Y, en esos días tan oníricos e hilarantes para sus habitantes, en los que el vendedor de objetos extraños ya no vendía ningún artilugio suyo, ante otros más convencionales, y el Señor Yago fue sustituido por otros personajes que vendían filosofías baratas, que eran extracciones pequeñas de la suya, cuando Prometeo, en una noche sudorosa, que iban siendo habituales, soñó de los días de antes del tren. Salió el pasado, sin remedio, aunque sólo un poco, una parte inconclusa y a trozos. Fue en esos momentos en que pensó: “¿Pero cómo, coño, se sale de éste tren sin rumbo, sin final y furibundo?”. Y todo se le anudó a esa pregunta.
En una noche de sorpresas, conoció a un tal Julio Aracil, que tenía mil caretas con las que, por la noche, se cubría. Éste tipo se cubría de nombres diferentes como Don Latino, Caín o Lobo. Pero siempre quería lo mismo, fuera lo que fuera; aunque, a ciencia cierta, no sabía que era, él siempre lo conseguía.
En esa noche en que conoció a Aracil, quiso ver a Mercedes, en un vagón. Pero no era, sino era alguien parecido a ella, que se llamaba Leonor. La vio con el Marqués de Bradomín y le odió con todas sus ganas; y supo, cuando los vio juntos, que no sería suya, y Mercedes estaba, ¿Dónde?, ¿Dónde estaba Mercedes?
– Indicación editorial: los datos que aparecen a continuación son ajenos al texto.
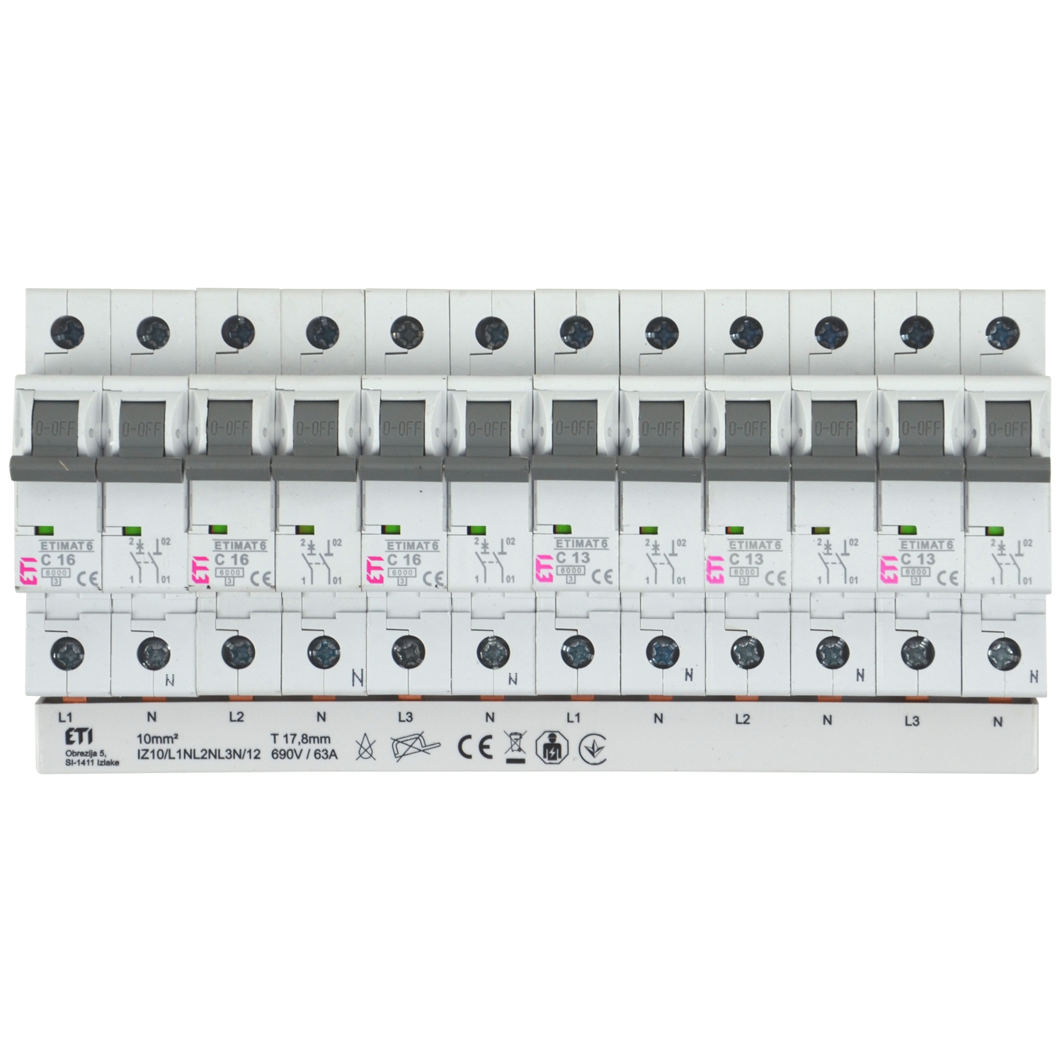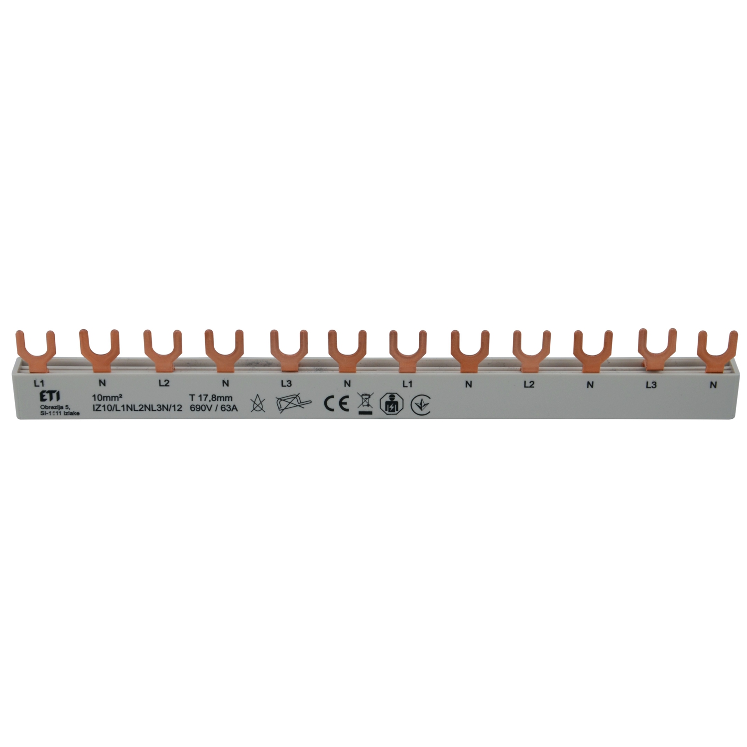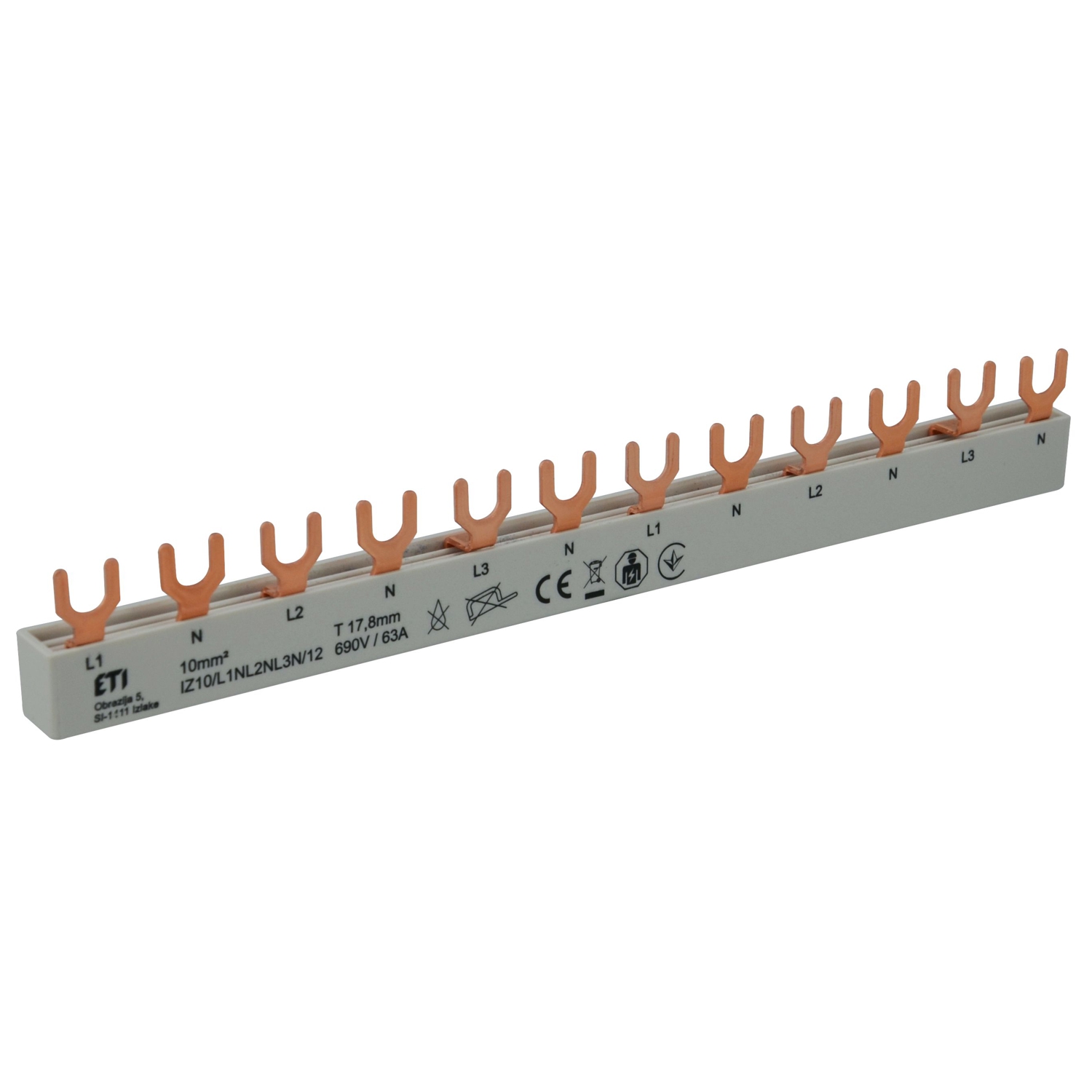 Vorkonfektionierte Gabel-Sammelschiene inkl. Endkappen, 4-polig / 12 TE (L1 - N - L2 - N - L3 - N - L1 - N - L2 - N - L3 - N), Querschnitt: 10mm², passend zum PXE und ETI Programm
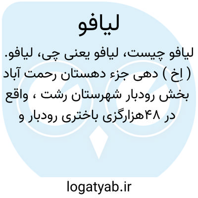 لیافو. ( اِخ ) دهی جزء دهستان رحمت آباد بخش رودبار شهرستان رشت، واقع در 48هزارگزی باختری رودبار و دوازده هزارگزی امامزاده هاشم، در خاور سفیدرود. کوهستانی، معتدل و مالاریائی. دارای 397 تن سکنه.آب آن از سفیدرود و چشمه. محصول آنجا برنج، چای، ابریشم، لبنیات و زغال. شغل اهالی زراعت و گله داری و مکاری و راه آن مالرو است. قریه کوچک دولایم جزء این ده منظور شده است. ( از فرهنگ جغرافیائی ایران ج 2 ).
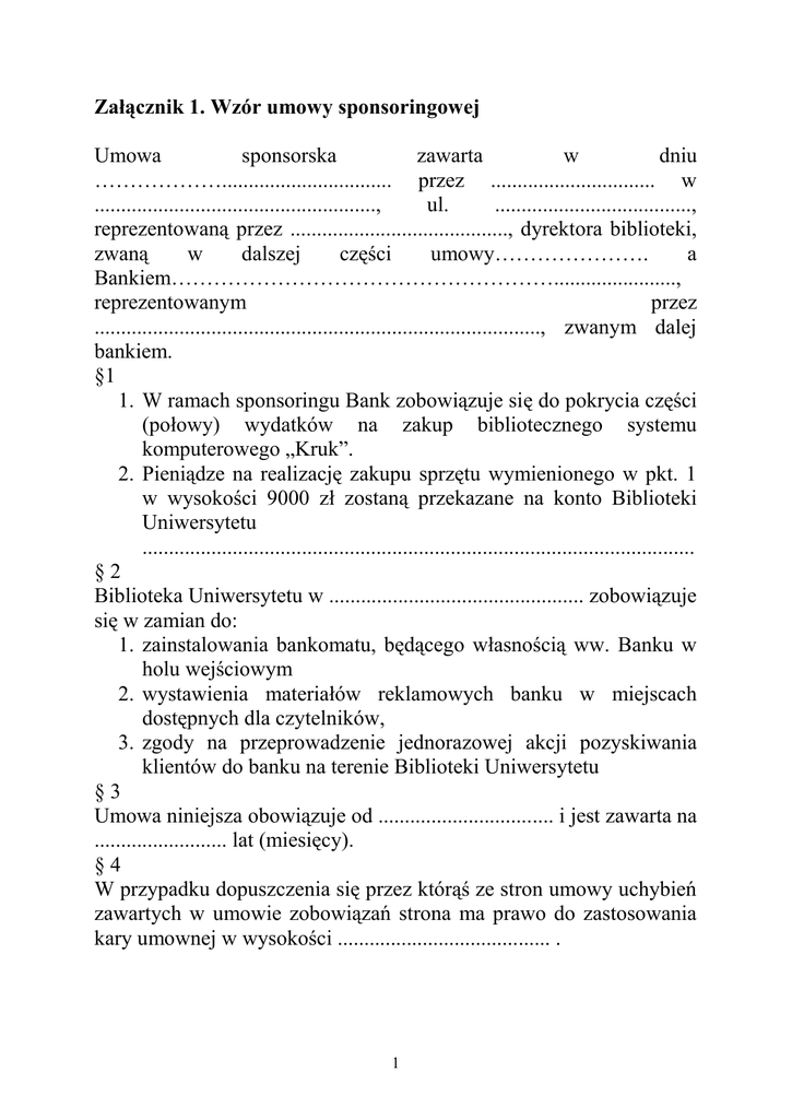Załącznik 1. Wzór umowy sponsoringowej Umowa sponsorska zawarta w dniu ………………................................ przez ............................... w ....................................................., ul. ....................................., reprezentowaną przez ........................................., dyrektora biblioteki, zwaną w dalszej części umowy…………………. a Bankiem………………………………………………......................., reprezentowanym przez ...................................................................................., zwanym dalej bankiem. §1 1. W ramach sponsoringu Bank zobowiązuje się do pokrycia części (połowy) wydatków na zakup bibliotecznego systemu komputerowego „Kruk”. 2. Pieniądze na realizację zakupu sprzętu wymienionego w pkt. 1 w wysokości 9000 zł zostaną przekazane na konto Biblioteki Uniwersytetu ........................................................................................................ §2 Biblioteka Uniwersytetu w ................................................ zobowiązuje się w zamian do: 1. zainstalowania bankomatu, będącego własnością ww. Banku w holu wejściowym 2. wystawienia materiałów reklamowych banku w miejscach dostępnych dla czytelników, 3. zgody na przeprowadzenie jednorazowej akcji pozyskiwania klientów do banku na terenie Biblioteki Uniwersytetu §3 Umowa niniejsza obowiązuje od ................................. i jest zawarta na ......................... lat (miesięcy). §4 W przypadku dopuszczenia się przez którąś ze stron umowy uchybień zawartych w umowie zobowiązań strona ma prawo do zastosowania kary umownej w wysokości ........................................ . 1 ............................................. (Biblioteka) ........................................ (Bank) Od redakcji: jest to uproszczony wzór umowy, zawierający minimum warunków z obydwu stron. W zależności od sytuacji umowa powinna być uzupełniona o dodatkowe postanowienia i zawsze konsultowana z prawnikami. 2
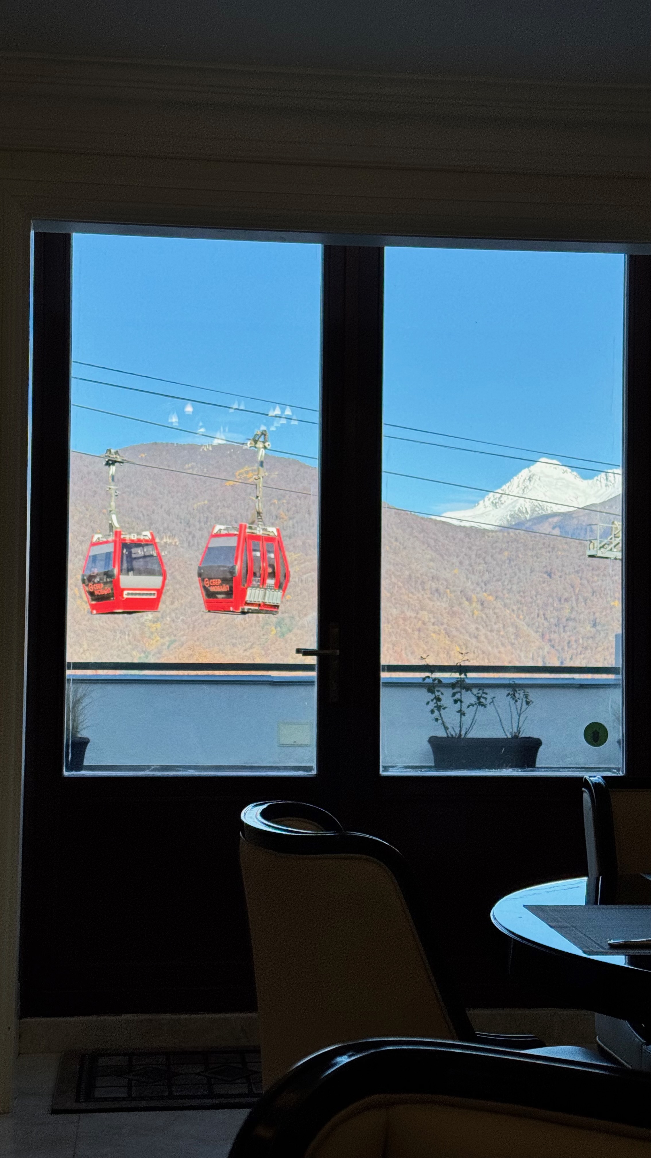 Окно в фоне делает композицию симметричной. Яркие вагончики подъёмника отлично выделяются в окошке. Они становятся зрительным центром.
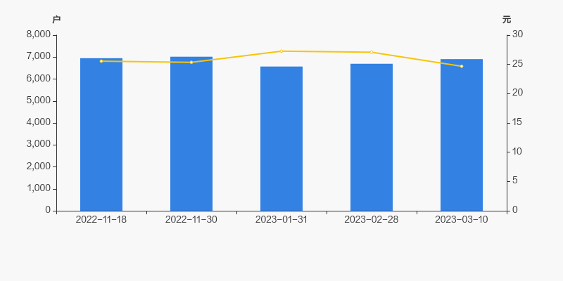 2022年11月18日至今,公司股东户数有所下降,区间跌幅为0.62%。2022年11月18日至2023年3月10日区间股价下降3.41%。
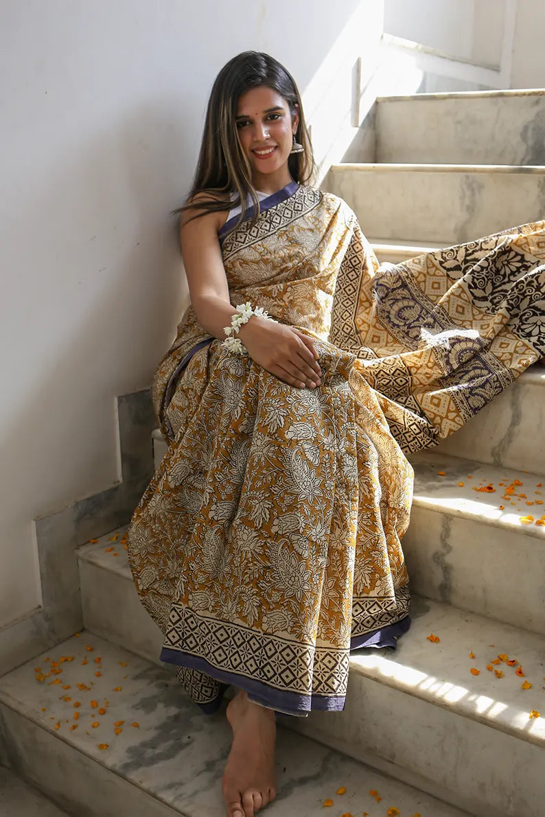 Mustard Fields - Dabu Hand Block Print Mulmul Cotton Bagru Saree
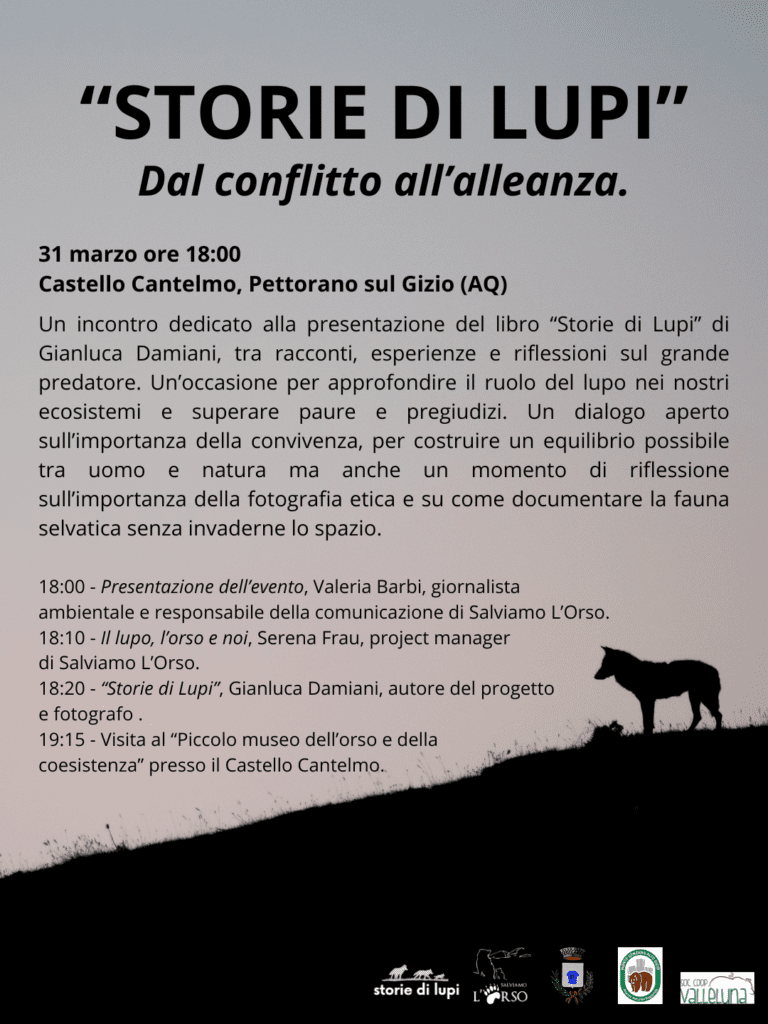 Il 31 marzo 2026, a partire dalle 18:00, il Castello Cantelmo di Pettorano sul Gizio apre le porte al lupo in un incontro dedicato alla presentazione del libro “Storie di Lupi” del fotografo Gianluca Damiani.
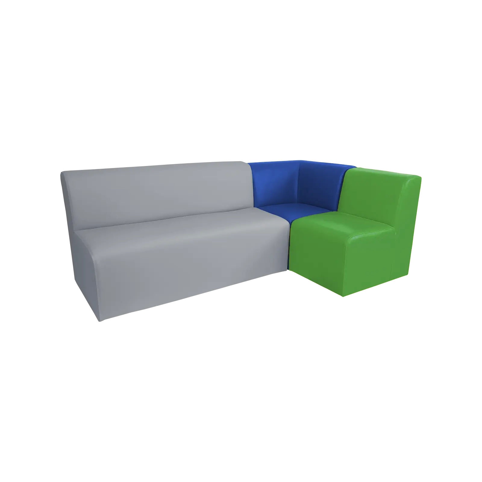 • Modułowa funkcjonalność – zestaw składa się z kanapy, fotela narożnego i fotela Modulo, które można łączyć w różne konfiguracje, tworząc bezpieczne kąciki wypoczynkowe dla dzieci.

Entonces, se fue a la cama, con la cara triste, melancólica, y derrotado todo su cuerpo por un cansancio inefable. Al día siguiente todo cambió, de repente, y se volvió loco. Mientras el tren cogió algo de velocidad. Él fue por los camarotes de ese vagón. Y el tren aumentó algo más la velocidad. Él se acercó al camarote de la hermana de Bradomín y la chilló, chilló y chilló, además se puso a golpear en la puerta, llamándola; ella no lo hacía caso, y lo miraba con pena como sin importancia hacia su persona. Nadie quedaba fuera de los camarotes; el tren estaba en una velocidad cercana a la luz, y, entonces, poco después, paró y cayó de morros Prometeo.
Al despertar de la inconciencia, se encontró que el tren había parado. Ya nadie quedaba en el tren. Nadie. Sólo silencio. Y salió.
La vio sentada en el banco. Pensó que habría venido todos esos días hasta allá para sentarse en ese mismo lugar para esperarlo y, luego, al no llegar el tren, cansada de esperar, sin esperanza, se iría a casa. Habría estado allí durante, ¿cuánto?: 17 milenios, siglos, años o ¿meses? Desde allí no podía verla bien, si la espera la habría cambiado.
Pero no. Sólo habían pasado 18 segundo esperando, pero hubiese esperado la eternidad. Y se lanzaron en un abrazo, luego, en un beso que hubiesen querido alargar hasta el fin del mundo.